Image Counterfactual Sensitivity Analysis for Detecting Unintended Bias
This work addresses the critical need for bias detection in facial classifiers used in high-impact applications like authentication and surveillance, though it is presented as a proof-of-concept with incremental advancements.
The authors tackled the problem of detecting unintended bias in facial analysis models by proposing an image counterfactual sensitivity analysis framework, which uses generative adversarial networks to manipulate face characteristics and measure their effects on a smiling attribute classifier, revealing several factors that influence predictions.
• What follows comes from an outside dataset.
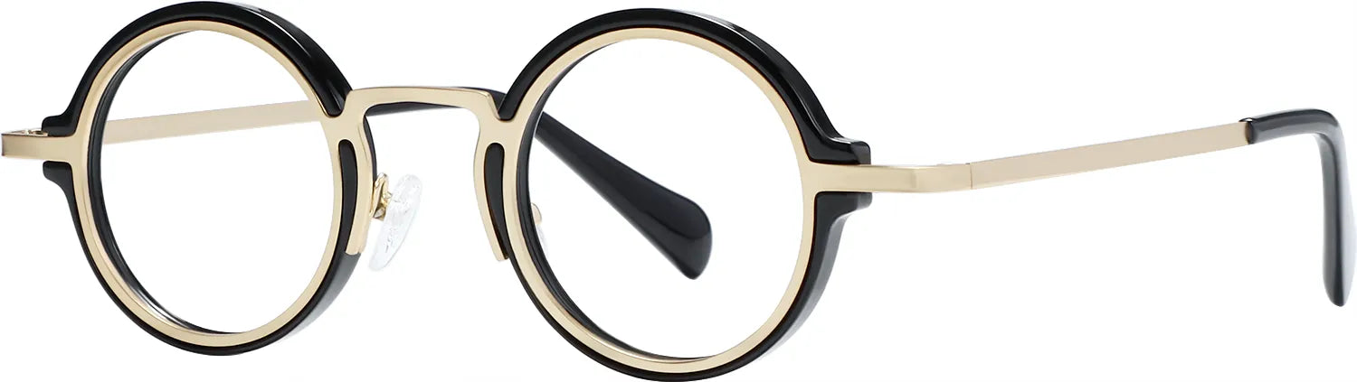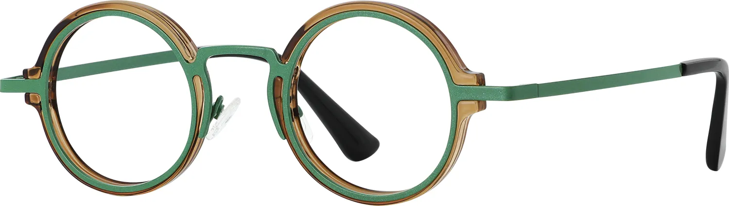 - The highlight of this pair of glasses is the two-tone round frame. The frame legs are also a patchwork design. It is made of comfortable panels and lightweight TR material to create a wearing experience that is both fashionable and durable.
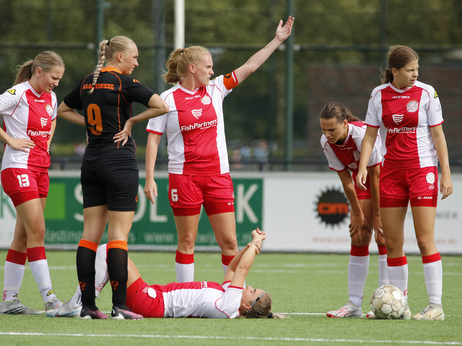 | Lotte Meester is geblesseerd en aanvoerder Angela van de Groep vraagt om verzorging. |

Facial analysis models are increasingly used in applications that have serious impacts on people's lives, ranging from authentication to surveillance tracking. It is therefore critical to develop techniques that can reveal unintended biases in facial classifiers to help guide the ethical use of facial analysis technology. This work proposes a framework called \textit{image counterfactual sensitivity analysis}, which we explore as a proof-of-concept in analyzing a smiling attribute classifier trained on faces of celebrities. The framework utilizes counterfactuals to examine how a classifier's prediction changes if a face characteristic slightly changes. We leverage recent advances in generative adversarial networks to build a realistic generative model of face images that affords controlled manipulation of specific image characteristics. We then introduce a set of metrics that measure the effect of manipulating a specific property on the output of the trained classifier. Empirically, we find several different factors of variation that affect the predictions of the smiling classifier. This proof-of-concept demonstrates potential ways generative models can be leveraged for fine-grained analysis of bias and fairness.